[lustre-devel] Design proposal for client-side compression

Mon Jan 9 10:05:16 PST 2017

Hi Anna,

I assume the purpose of this proposal is to fully utilize the CPU cycles on the client nodes to compress and decompress data, because there are much more client nodes than server nodes. After data is compressed, it will need less network bandwidth to transfer it to server and write them back to storage.

There would be more changes to implement this feature:
1. I guess dmu_read() needs change as well to transfer compressed data back to client, otherwise how it would improve readahead performance. Please let me know if I overlooked something;
2. read-modify-write on client chunks - if only partial chunk is modified on the client side, the OSC will have to read the chunk back, uncompress it, and modify the data in chunk, and compress it again to get ready for write back. We may have to maintain a separate chunk cache on the OSC layer;
3. the OST should grant LDLM lock to align with ZFS block size otherwise it will be very complex if the OSC has to request locks to do RMW;
4. OSD-ZFS can dynamically extend the block size by the write pattern, so we need to disable it to accommodate this feature;
5. ZFS has supported a new feature called compressed ARC. If clients are already provided compressed data, probably we can get rid of dmu buffer and fulfill the ARC buffer with compressed data directly, but I don’t know much work it would need on ZFS side.

Thanks,
Jinshan

> On Jan 9, 2017, at 5:07 AM, Anna Fuchs <anna.fuchs at informatik.uni-hamburg.de> wrote:
> 
> Dear all, 
> 
> a couple of months ago we started the IPCC-L project about compression
> within Lustre [0]. Currently we are focusing on client-side compression
> and I would like to present you our plans and discuss them. Any
> comments are very welcome.
> 
> General design: 
> 
> The feature will introduce transparent compression within the Lustre
> filesystem on the client and server side (in the future).
> Due to existing infrastructure for compressed blocks within the ZFS
> backend filesystem, at first, only ZFS will be supported. ldiskfs as
> backend is not principally discarded, though it requires wide-ranging
> changes of its infrastructure which might follow once the workflow is
> proven.

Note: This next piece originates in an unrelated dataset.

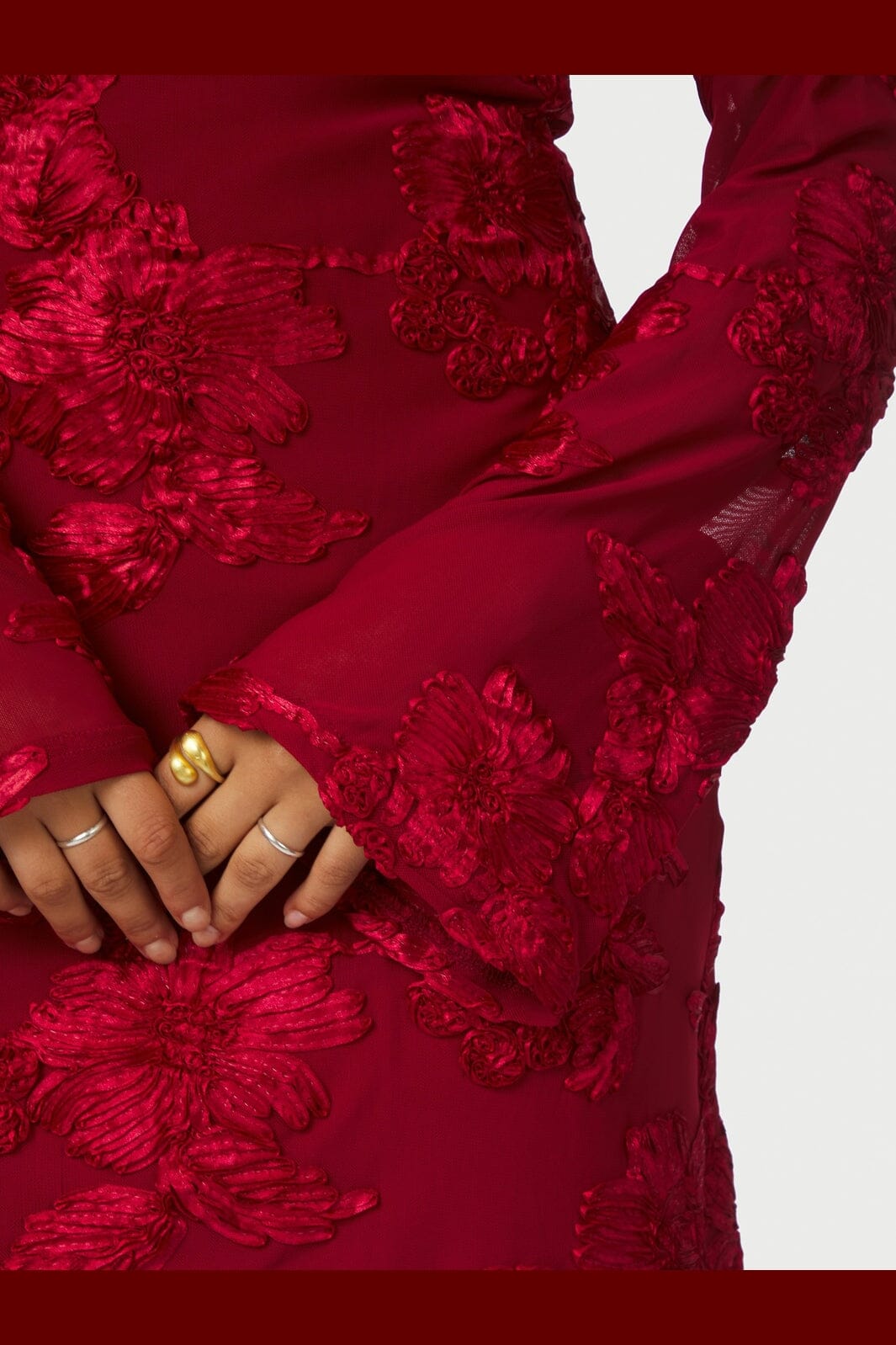 Rød meshkjole fra Neo Noir med store blomster i broderet mønster. Kjolen har en A-formet silhuet og lange ærmer med rund hals. Det fine meshstof har et dekorativt blomstermønster i burgundynuancer.

All communication between the MDS and any other components
> remains uncompressed. That means, metadata will not be compressed at
> any time.
> 
> The client will compress the data per stripe, while every stripe is
> divided into chunks based on the ZFS record size. Those chunks can be
> compressed independently and in parallel.
> To be able to decompress the data later we need to store the algorithm
> type and the original chunk size. We want to store it per chunk/record
> for several reasons. When decompressing, we need to know the required
> buffer size for the uncompressed piece of data. Moreover, later it will
> be possible to have different chunk sizes within one stripe and use
> different algorithms for every chunk. The storing of that additional
> metadata is up to ZFS and will not affect the MDS. 
> 
> The compressed stripes will go to the Lustre server including the
> metadata within the RPC. The server, at first, will just pass the data
> to ZFS. ZFS for its part will make use of its internal data structure,
> which already handles compressed blocks. The pre-compressed blocks will
> be stored within the trees like they have been compressed by ZFS
> itself. We expect ZFS then to achieve better read-ahead performance as
> if storing the data like common data blocks (which would produce
> "holes" within the file). Since ZFS has knowledge about the original
> data bounds, it can iterate over the records like they were logically
> contiguous.
> 
> Implementation details: 
> 
> We need to make changes on the Lustre client, server, RPC protocol and
> ZFS backend.
> 
> Client: 
> 
> We thought to introduce the changes close to GSS within the PtlRPC
> layer.
> In the future, the infrastructure might be reused for client-side
> encryption also. All the infrastructure changes are independent from
> specific compression algorithms, except for the requirement that the
> data size does not grow. It will be possible to change the algorithms;
> the missing libraries would be deployed and built together with Lustre
> code if the specific kernel does not support them. 
> There is a wrapping layer sptlrpc (standing for security ptlrpc?).
> Analogously, we could introduce a cptlrpc (for compression) or just put
> both together in a tptlrpc (transform) layer.
> 
> We would also like to reuse the bd_enc_vec structures for compressed
> bulk data. What do you think about that?
> 
> RPC: 
> 
> We would extend the niobuf_remote structure with the logical size and
> the algorithm type. Each compressed record would be a separate niobuf.
> We first had the idea to reuse the free bits of the flavor flag to mask
> the algorithm type, though we need it per niobuf, but the flavor is per
> RPC. The read/write RPC with patched niobufs arrives at the server and
> it can then get the data in the correct amount to pass it through to
> ZFS. 
> 
> 
> ZFS:
> 
> Newest ZFS features include compressed send and receive operations to
> stream data in compressed form and save CPU efforts. During the course
> of these changes, the ZFS-to-Lustre interface will be extended by
> additional parameters lsize and the algorithm type needed for
> decompression. lsize is the logical size which is the original,
> uncompressed, user written data size. In contrast the physical size is
> the actual compressed data size.
> The current interface will coexist and is not going to be fully
> exchanged by the extended one to save the ability to write/read data
> unaffected by compression. Those changes affect at least the two I/O
> paths "dmu_write" and "dmu_assign_arcbuf". 
> 
> At first, the use of ZFS’s internal compression will be skipped and
> possible only with disabled Lustre compression. Though a possible
> feature is to enable ZFS to decompress the data so that one could
> access data without Lustre.
> 
> 
> [0] https://software.intel.com/articles/intel-parallel-computing-center
> -at-university-of-hamburg-scientific-computing
> 
> 
> Best regards,
> Anna
> 
> 
> -- 
> Anna Fuchs
> https://wr.informatik.uni-hamburg.de/people/anna_fuchs
>